Dem Berufungswerber wurde mit Bescheiden vom 18.6.2007 und 4.5.2006 Insolvenz-Ausfallsgeld aus den Mitteln des Insolvenz-Ausfall-Geld-Fonds zuerkannt. Das Insolvenzausfallgeld beruht auf Forderungen des Bw gegenüber der A. Diese Firma wurde am 29.9.2006 gemäß § 40 FBG amtswegig (wegen Vermögenslosigkeit) gelöscht. Ein Verfahren nach der Insolvenzordnung war nicht eröffnet worden. Die Forderungen resultierten aus geschuldetem laufendem Entgelt für 1.9.2006 bis 30.11.2006 zuzüglich anteiliger Weihnachtsremuneration (€ 2.765,00). Für diese Forderungen wurden von der IAF Service GmbH mit Bescheid vom 18.6.2007 die entsprechenden Beträge als Insolvenzausfallsgeld zuerkannt. Mit Bescheid vom 4.5.2006 wurde Insolvenzausfallsgeld für Forderungen betreffend laufendes Entgelt für 18.3.2005 bis 18.7.2005 gleichfalls zuzüglich anteiliger Weihnachtsremuneration (iHv netto € 3.702,45), sowie für Kosten zum Stichtag 2.5.2006 iHv € 500,00 zuerkannt. Die detaillierte Aufstellung (Forderung/Zeitraum/Betrag) der IAF GmbH ist im Finanzamtsakt dokumentiert (Akt 2006/Seite 57) und entspricht betragsmäßig auch dem übermittelten Lohnzettel.

Rechtlich folgt daraus:

Gemäß § 19 (1) EStG sind Einnahmen grundsätzlich in jenem Kalenderjahr bezogen, in dem sie dem Steuerpflichtigen zugeflossen sind. Abweichend davon gelten gem § 19 (1) Z2 Teilstrich 3 EStG Nachzahlungen im Insolvenzverfahren als in dem Kalenderjahr zugeflossen, für das der Anspruch besteht. Dies gilt für Insolvenzverfahren, die nach dem 31.12.2005 eröffnet wurden. Im vorliegenden Fall erfolgte eine amtswegige Löschung gem § 40 FBG ohne vorherige Eröffnung eines Insolvenzverfahrens. Die amtswegige Löschung erfolgte am 29.6.2006 also nach dem 31.12.2005. Eine amtswegige Löschung steht gem § 1 (1) Z 4 IESG einem Verfahren nach der Insolvenzordnung gleich. Nachzahlungen aufgrund einer amtswegigen Löschung sind daher Nachzahlungen im Insolvenzverfahren iSd § 19 EStG.

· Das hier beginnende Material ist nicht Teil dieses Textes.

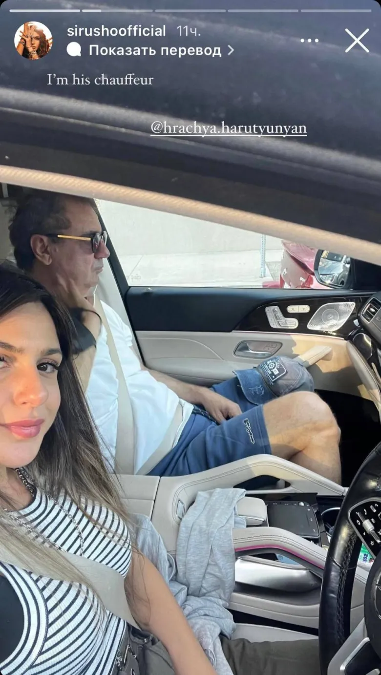 Ինստագրամի իր էջի «Սթորի» բաժնում Սիրուշոն հրապարակել է հոր հետ լուսանկար, որին կից գրել է. «Ես նրա վարորդն եմ»: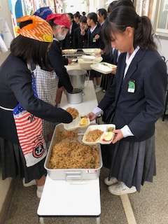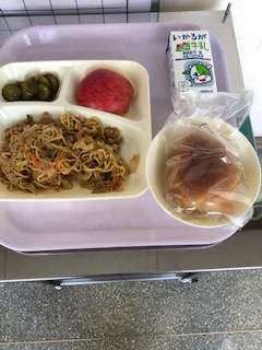 今日の給食の献立は、黒糖パン(2分の1)・牛乳・オイスターソース焼きそば・きゅうりの中華あえ・りんごです。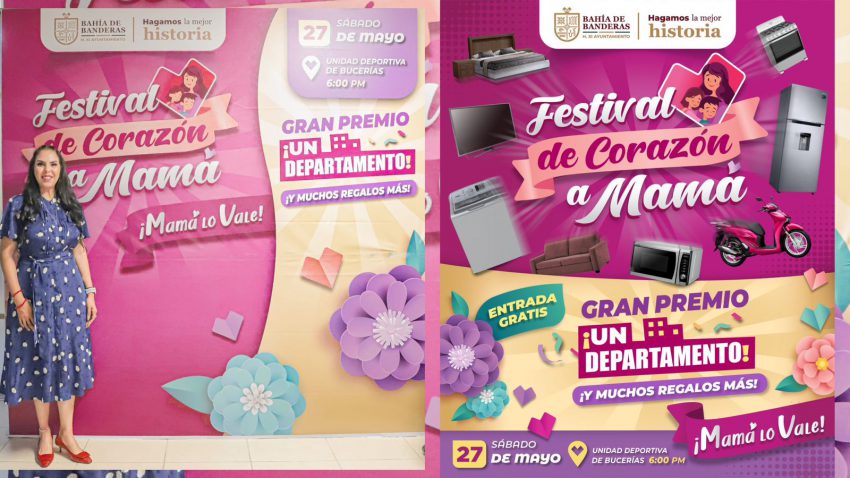 Bahía de Banderas Nay, 23 de mayo de 2023.- Festival de Corazón a Mamá, es el nombre que lleva la celebración del Día de las Madres que el XI Ayuntamiento realizará a las progenitoras de Bahía de Banderas, así lo anunció la mañana de este martes la presidenta municipal Mirtha Villalvazo.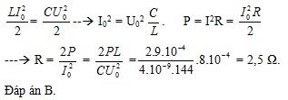 Mạch dao động gồm cuộn dây có độ tự cảm L = 8.10-4 H và tụ điện có điện dung C = 4 nF. Vì cuộn dây có điện trở thuần nên để duy trì dao động của mạch với hiệu điện thế cực đại giữa hai bản tụ là 12V, người ta phải cung cấp cho mạch một công suất P = 0,9 mW. Điện trở của cuộn dây có giá trị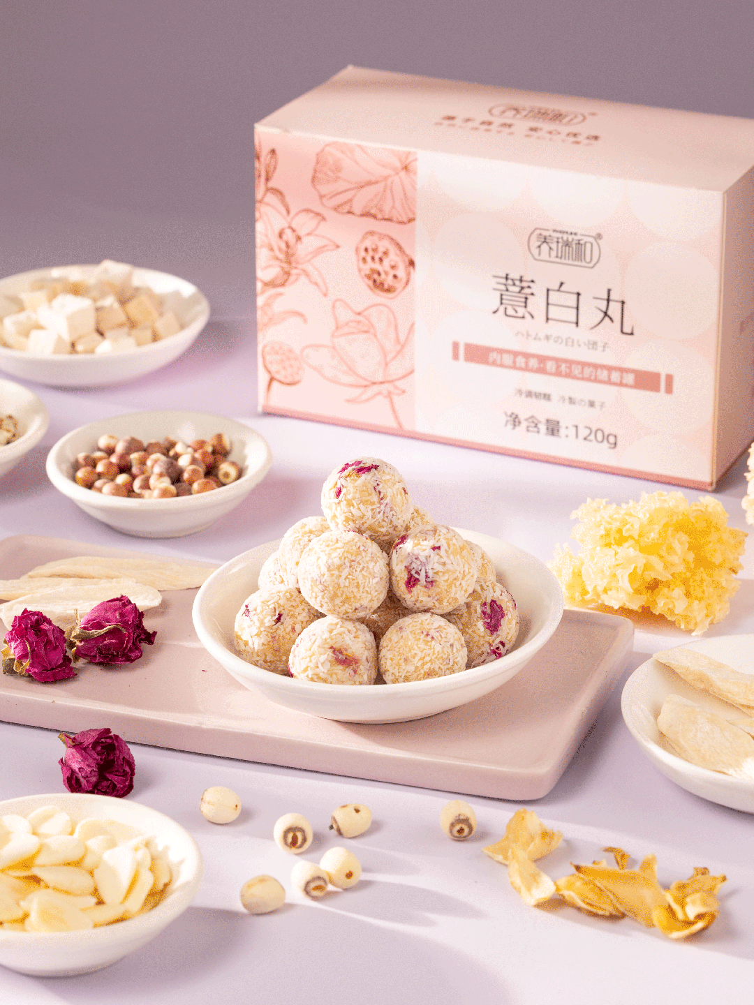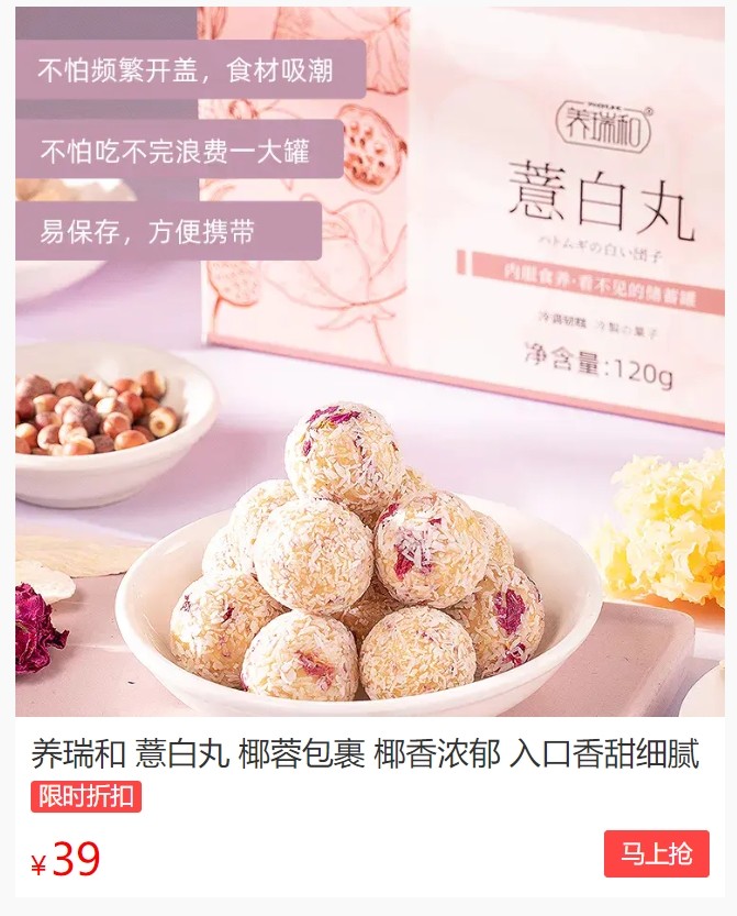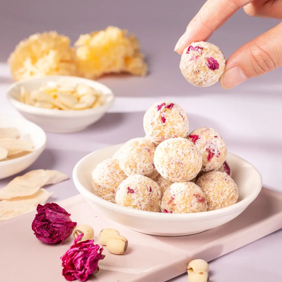 加上重瓣红玫瑰、椰蓉藕粉改善口感,多种食材经过选、洗、蒸、晒...数十道程序,保留润肺养颜之功,满满营养挑战鸡蛋肌。

Dem Bw gelten daher im Jahr 2006 die Insolvenzausfallgelder als zugeflossen, die auf Ansprüchen des Jahres 2006 beruhen. Das waren, wie den Bescheiden der IAF Service GmbH zu entnehmen ist, die Ansprüche aus laufendem Entgelt für 1.9.2006 bis 30.11.2006 zuzüglich anteiliger Weihnachtsremuneration iHv € 2.765,00.

Die nichtselbständigen Einkünfte von der A werden mit den Beträgen des korrigierten Lohnzettels (mit € 1.188,74) festgesetzt.